DocBrain applies per-IP rate limiting to unauthenticated routes and per-API-key rate limiting to authenticated routes. Rate limiting is enabled by default.

Variable Default Description
RATE_LIMIT_ENABLED true Set to false to disable all rate limiting (not recommended for production)
RATE_LIMIT_RPM 60 Requests per minute per IP on unauthenticated routes
RATE_LIMIT_AUTH_RPM 120 Requests per minute per API key on authenticated routes
RATE_LIMIT_WEBHOOK_RPM 30 Requests per minute per IP on webhook endpoints (/github/events, /gitlab/events)

When a rate limit is exceeded, DocBrain returns 429 Too Many Requests with a Retry-After header.

GitLab MR Capture Webhook

The GitLab capture feature lets engineers trigger immediate ingestion by commenting @docbrain capture on any merge request.

Variable Default Description
GITLAB_CAPTURE_WEBHOOK_SECRET HMAC secret shared with GitLab for webhook signature verification
GITLAB_CAPTURE_TOKEN GitLab personal access token with api scope (fetches MR notes and posts reply comments)
GITLAB_CAPTURE_BASE_URL https://gitlab.com GitLab instance base URL (override for self-hosted)
GITLAB_CAPTURE_ALLOWED_USERS Comma-separated GitLab usernames allowed to trigger capture. Empty = all users.
GITLAB_CAPTURE_ALLOWED_PROJECTS Comma-separated project paths allowed to trigger capture. Empty = all projects. e.g. myorg/myrepo

See Ingestion Guide for full setup instructions.

GitHub Capture Security

These optional variables restrict which repos and users can trigger real-time GitHub PR/issue capture via @docbrain capture comments.

Variable Default Description
GITHUB_CAPTURE_ALLOWED_REPOS Comma-separated owner/repo pairs allowed to trigger capture. Empty = all repos. e.g. myorg/backend,myorg/frontend
GITHUB_CAPTURE_ALLOWED_USERS Comma-separated GitHub usernames allowed to trigger capture. Empty = all users. e.g. alice,bob

A 500KB content size guard applies to all capture requests. Oversized threads are rejected with a reply comment.

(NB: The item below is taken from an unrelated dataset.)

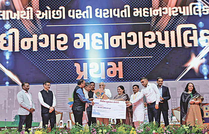 ભારત સરકારના સ્વચ્છ ભારત મિશનના ભાગરૃપે, રાજ્ય સરકાર દ્વારા નિર્મળ ગુજરાત ૨.૦ અભિયાન હેઠળ ‘મારું શહેર, સ્વચ્છ શહેર’ ત્રિમાસિક પ્રતિયોગિતાનું આયોજન કરવામાં આવ્યું હતું. આ પ્રતિયોગિતાના મૂલ્યાંકન માટે, સ્વચ્છ સર્વેક્ષણના તમામ નિર્ધારિત ઘટકોના આધારે, નિયુક્ત કરાયેલ થર્ડ પાર્ટી એજન્સી દ્વારા દર ત્રણ મહિને મહાનગરપાલિકાઓ અને નગરપાલિકાઓમાં સ્થળ તપાસ હાથ ધરવામાં આવી હતી અને તેમાં નાગરિકોના પ્રતિભાવોને પણ મહત્વ આપવામાં આવ્યું હતું. થર્ડ પાર્ટી એજન્સી દ્વારા રજૂ કરવામાં આવેલ ત્રિમાસિક રિપોર્ટ્સની રાજ્ય કક્ષાએથી ઝીણવટપૂર્વક ચકાસણી કરવામાં આવી હતી, જેના આધારે આજે મહાત્મા મંદિર ખાતે યોજાયેલા કાર્યક્રમમાં ગાંધીનગર મહાનગરપાલિકાને ત્રણ લાખથી દસ લાખ સુધીની વસ્તી ધરાવતા શહેરોમાં સ્વચ્છતા ક્ષેત્રે પ્રથમ નંબર જાહેર કરવામાં આવ્યો હતો. ગાંધીનગરને આ એવોર્ડની સાથે ઇનામ તરીકે ૧.૨૫ કરોડ રૃપિયા પણ મળ્યા છે. મેયર મીરાબેન પટેલ, સ્ટેન્ડિંગ કમિટી ચેરમેન ગૌરાંગ વ્યાસ અને મ્યુનિસિપલ કમિશનર જે.એન. વાઘેલાએ આ એવોર્ડ સ્વીકાર્યો હતો.મહાનગરપાલિકાએ સોલિડ વેસ્ટ મેનેજમેન્ટમાં આધુનિક ટેક્નોલોજી અપનાવી છે, જેના દ્વારા કચરાનું ૧૦૦ ટકા ડોર-ટુ-ડોર કલેક્શન અને વૈજ્ઞાાનિક પદ્ધતિથી પ્રોસેસિંગ સુનિશ્ચિત કરવામાં આવ્યું છે. સ્વચ્છતા અભિયાનમાં નાગરિકોની સક્રિય ભાગીદારી સુનિશ્ચિત કરવા માટે સઘન જાગૃતિ કાર્યક્રમોનું આયોજન કરવામાં આવ્યું, જેના પરિણામે નાગરિકો દ્વારા કચરાનું સોર્સ સેગ્રીગેશન વધારવામાં આવ્યું છે.

Confluence Webhooks (Real-Time Sync)

Variable Default Description
CONFLUENCE_WEBHOOK_SECRET HMAC secret shared with Confluence. When set, DocBrain mounts POST /confluence/events and auto-ingests page changes in real time. Set as an environment variable (not in config/local.yaml).

When configured, DocBrain receives page_created, page_updated, page_restored, page_removed, and page_trashed events from Confluence and syncs changes automatically — no scheduled re-ingest needed.

Requires confluence.base_url and confluence.api_token to also be set in config/local.yaml (DocBrain needs API access to fetch the page content when a webhook fires).

See the Ingestion Guide for setup instructions.

Image Extraction

Variable Default Description
IMAGE_EXTRACTION_ENABLED true Extract and describe images from Confluence pages using vision LLM. Set to false to disable.
INGEST_LLM_MODEL_ID Model used for image extraction during ingest. Falls back to LLM_MODEL_ID if not set. Set this to a cheaper model (Haiku, gpt-4o-mini) to avoid throttling and reduce cost.
IMAGE_MAX_PER_PAGE 20 Maximum images to process per Confluence page
IMAGE_MIN_SIZE_BYTES 5120 Skip images smaller than this in bytes (default: 5 KB) — filters out icons and decorative images
IMAGE_MAX_SIZE_BYTES 10485760 Skip images larger than this in bytes (default: 10 MB)
IMAGE_DOWNLOAD_TIMEOUT 30 HTTP download timeout in seconds per image
IMAGE_LLM_TIMEOUT 120 LLM vision call timeout in seconds (needs more time than download)

Image extraction requires a vision-capable LLM. Supported providers: Bedrock, Anthropic, OpenAI, and Ollama (with vision models like llava, llama3.2-vision, moondream). Text-only models (e.g. llama3.1) are auto-detected and images are skipped gracefully — no failures, no errors.

Web UI / CORS

Variable Default Description
CORS_ALLOWED_ORIGINS http://localhost:3001 Comma-separated origins allowed to call the API. Only needed if the web UI is served from a non-default origin (e.g. http://10.0.0.5:3001, https://docbrain.internal)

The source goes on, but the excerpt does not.